(Exercise details) What you return must be the full data, repeated verbatim, with no pictures in it.

(Recorded information)

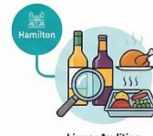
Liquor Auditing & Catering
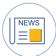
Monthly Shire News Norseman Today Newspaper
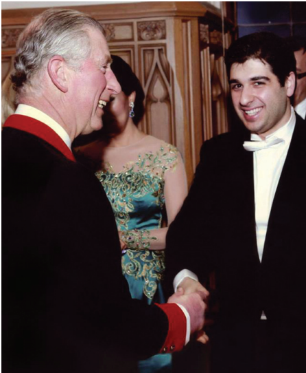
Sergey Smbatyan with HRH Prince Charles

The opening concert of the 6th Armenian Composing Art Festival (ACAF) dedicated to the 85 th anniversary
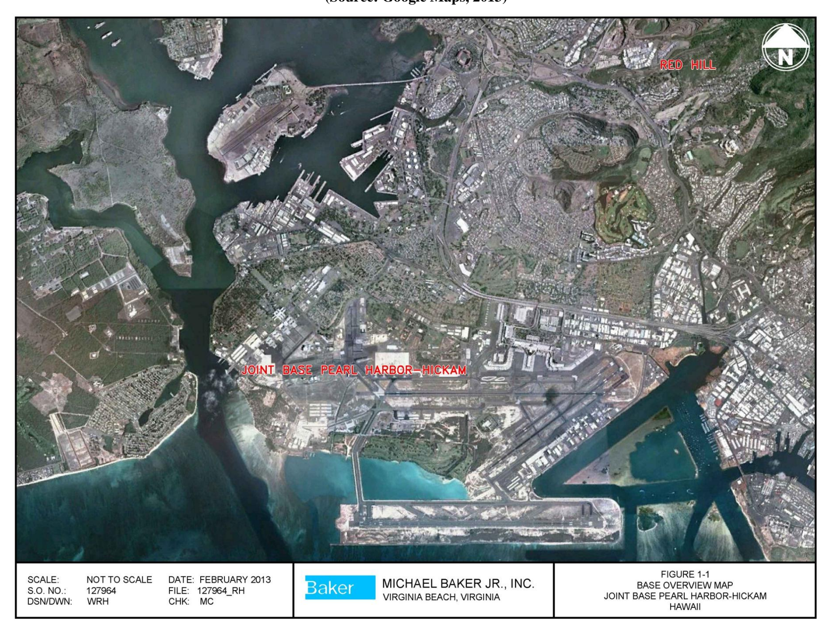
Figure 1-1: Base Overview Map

(Result for this task)
Liquor Auditing & Catering
Monthly Shire News Norseman Today Newspaper
Sergey Smbatyan with HRH Prince Charles

The opening concert of the 6th Armenian Composing Art Festival (ACAF) dedicated to the 85 th anniversary
Figure 1-1: Base Overview Map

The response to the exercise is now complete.